The main reasons for using Batch Normalization are:

1. **Stabilizing Learning:**
   - Batch Normalization helps stabilize and accelerate the training of deep neural networks by normalizing the input to each layer.
   - It reduces the internal covariate shift, which is the change in the distribution of the input to a neural network's layer during training. This can make training more challenging, especially in deeper networks.
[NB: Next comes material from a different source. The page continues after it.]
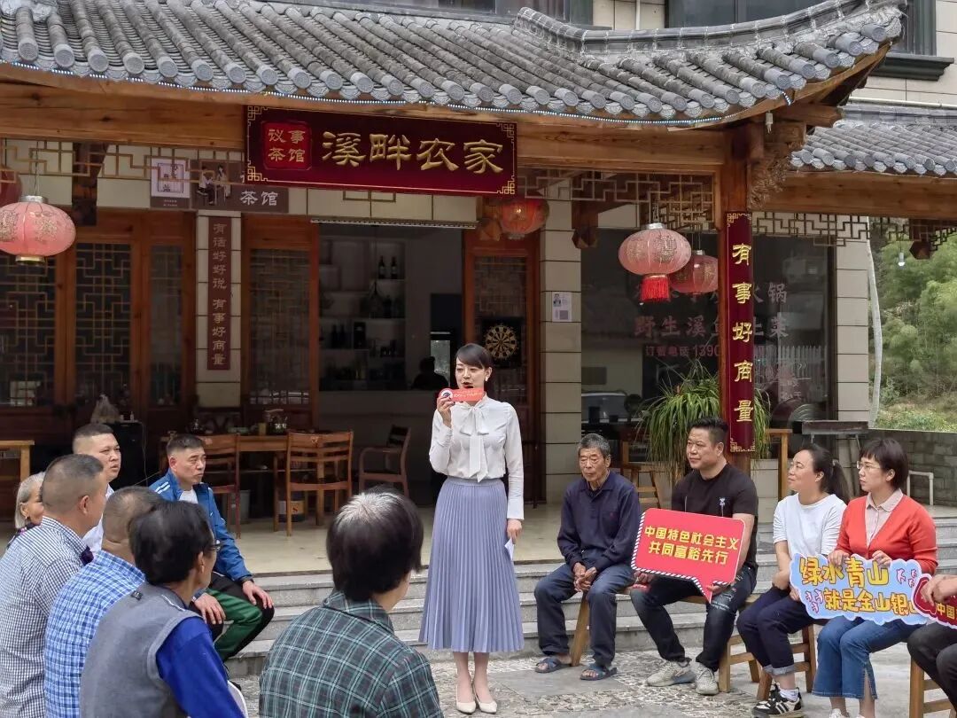 11月8日下午,在丽水莲都区黄村乡黄泥墩村,丽水开放大学施蕾芬教授,浙江开放大学吴乐珍副教授、博士,台州开放大学胡燕副教授,浙江省“00 talker”宣讲团成员、丽水开放大学青年学生程萱烨,同讲“一堂课”,给村民们宣讲党的二十大精神。

2. **Faster Convergence:**
   - By normalizing the inputs, Batch Normalization reduces the risk of vanishing or exploding gradients. This enables the use of higher learning rates, leading to faster convergence during training.

3. **Reduced Sensitivity to Initialization:**
   - Batch Normalization reduces the sensitivity of a network to the choice of initial weights. This allows for more flexibility in choosing initial weights and simplifies the training process.

4. **Regularization Effect:**
   - Batch Normalization acts as a form of regularization by adding a slight noise to the activations during training. This noise can act as a form of implicit regularization, helping prevent overfitting.

5. **Applicability to Various Activation Functions:**
   - Batch Normalization works well with a variety of activation functions, including sigmoid, tanh, and rectified linear units (ReLU). This flexibility makes it suitable for different network architectures.

6. **Facilitates Deeper Networks:**
   - Batch Normalization enables the training of deeper neural networks by addressing issues such as vanishing gradients and *internal covariate shift*. Deeper networks can capture more complex features and relationships in data.



**Covariant Shift**

Covariate shift refers to a situation in which the distribution of input features (covariates) to a machine learning model changes between the training and testing phases. In other words, the relationship between the input variables and the target variable may differ between the training data and the data the model encounters during testing or deployment.


**Internal COvariant shift**

We define internal covariant shift as a change in the distribution of network activations due to change in network parameters during training.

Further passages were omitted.